I have trouble getting to sleep. It's not unusual for me to turn the light off and then have to turn it back on again many times before I can actually sleep. I like to have a wide selection of books available to me in the dark hours. At the moment there are two poetry books, Maggie Nelson's Something Bright, Then Holes and Dance Dance Revolution by Cathy Park Hong. Both are amazing. Nelson for her ability to show how a soul comes awake, and the way Hong makes up words and meaning is thrilling. Also, a book of music criticism: They Can't Kill Us Until They Kill Us by Hanif Abdurraqib. This book is so alive! And Barry Hannah's collected short stories Long, Last, Happy. Hannah is a master. And this terrific novel The Man Who Walked Away by Maud Casey, about the beginnings of psychiatry in the 19th century.

Favorite book when you were a child:

As a small child I loved this picture book called Play with Me by Marie Hall Ets. It is about a girl who wants a playmate and in her desperation chases after all matter of animals. Eventually she learns to sit very still, and all the animals come up to her. It had a very zen message, one I was able to get even as a child. I also loved Edward Eager's Half Magic, I was so taken with those books that I would Xerox the illustrations and hang them over my bed. There was a young biography series I loved as well: Young Jefferson, Young Abigail Adams.

Your top five authors:

Simone de Beauvoir is my favorite at the moment. The way she did philosophy to the female body in the Second Sex is still so thrilling. And I love the way she writes about people and ideas. Flannery O'Connor, Emily Brontë, the South African writer Bessie Head and Kafka. I like writers who write in a raw and precise way.

Book you've faked reading:

All of David Foster Wallace except the essays, which I adore.

Book you're an evangelist for:

The Vegetarian by Han Kang. This book won the Man Booker International Prize a few years ago. It is a masterpiece. It reframes female "hysteria" and is also about pantheism. When I go to my local bookstore, Greenlight in Brooklyn, and buy yet another copy for a gift, they always very nicely tell me I already have 10!

Book you've bought for the cover:

I can't really think of any book I bought for the cover alone.

Book you hid from your parents:

In the late 1970s, in the basement of a split level, my friend Alicia and I read The Happy Hooker by Xaviera Hollander to each other with wonder and confusion.

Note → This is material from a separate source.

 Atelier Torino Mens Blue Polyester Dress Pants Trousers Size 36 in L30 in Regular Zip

Book that changed your life:

There were so many! I think Sylvia Plath's The Bell Jar really got to me in my early 20s, as it showed both the life I wanted, a young writer in NYC, and the depression that I was also becoming familiar with. I also read Melville's Bartleby, the Scrivener in high school and I remember that shook me up--the humanity in it, the sadness. I have always wanted books that are honest about the dark parts of life.

Favorite line from a book:

"When you write you do not know whether you are obeying the moment or eternity." --Edmond Jabès

Five books you'll never part with:

The Collected Short Stories of Franz Kafka, The Second Sex by Simone de Beauvoir, Wuthering Heights by Emily Brontë, Robert Richardson's biographies of William James and Emerson.

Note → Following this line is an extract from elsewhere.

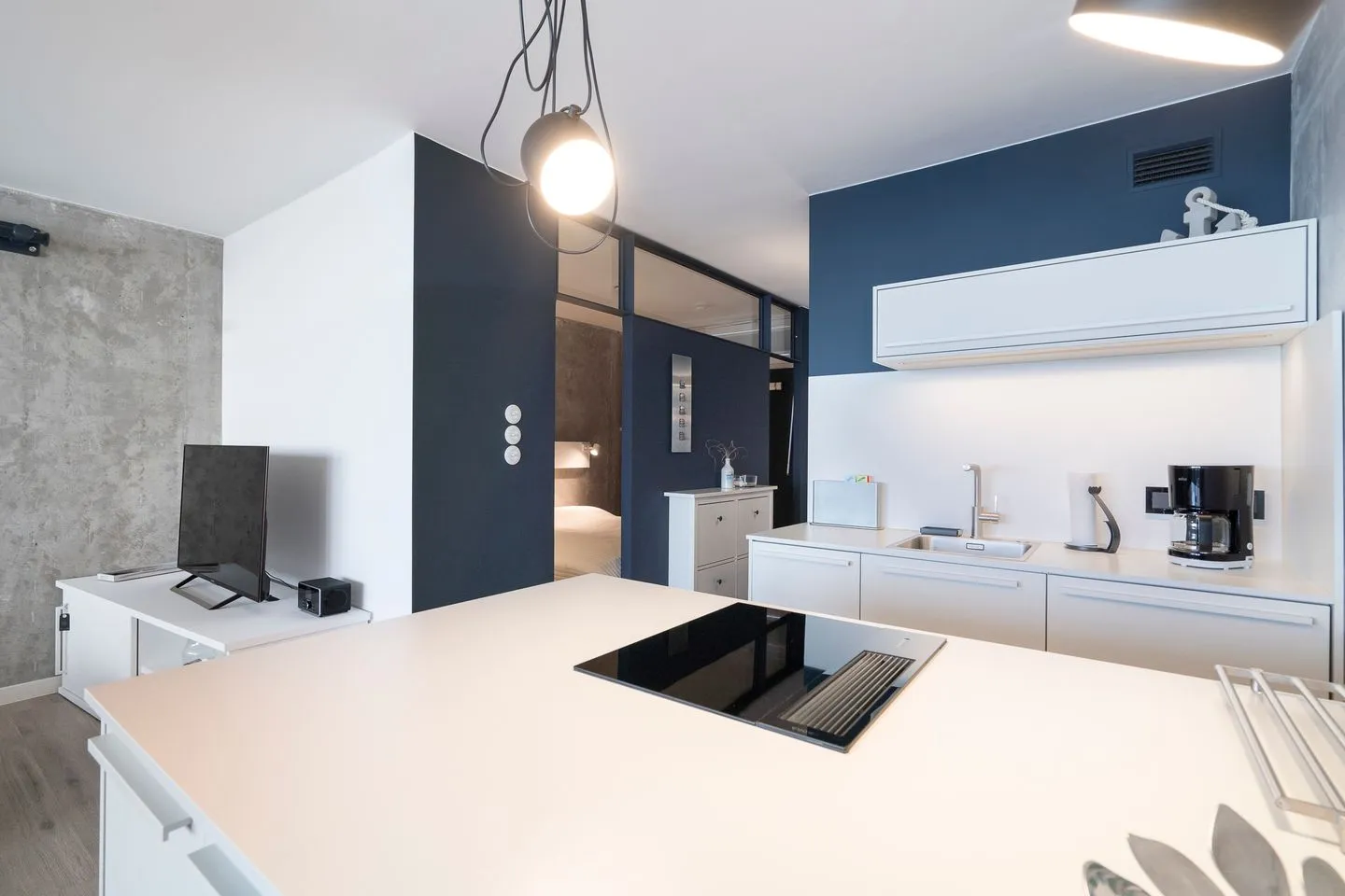 Diese schöne und besondere Wohnung lädt ein zu einem entspannten Urlaub zu zweit. Vom Balkon aus können Sie vom 8. Stock aus den herrlichen Blick auf die Ostsee genießen und die Seele baumeln lassen. Der gemütliche, kombinierte Wohn- und Essbereich verfügt über eine offene Küche, die mit Spülmaschine, Backofen und Herd ausgestattet ist. Im Schlafraum steht ein bequemes Doppelbett, in das durch Aussparungen in der Wand von beiden Seiten eingestiegen werden kann. Das moderne Bad hat eine Dusche. Zum Strand sind es nur wenige Fußschritte. PKW-Stellplatz inklusive.

Book you most want to read again for the first time:

I really love to read books over and over again, it never bothers me that I know what's coming. I like the sensation. I often reread Nathanael West's The Day of the Locust, and when I get to familiar parts, I can remember where I was when I read them last time and the time before that, it's almost like a time machine, a tiny repository of all the other times I read it. The book and I are in deep relation.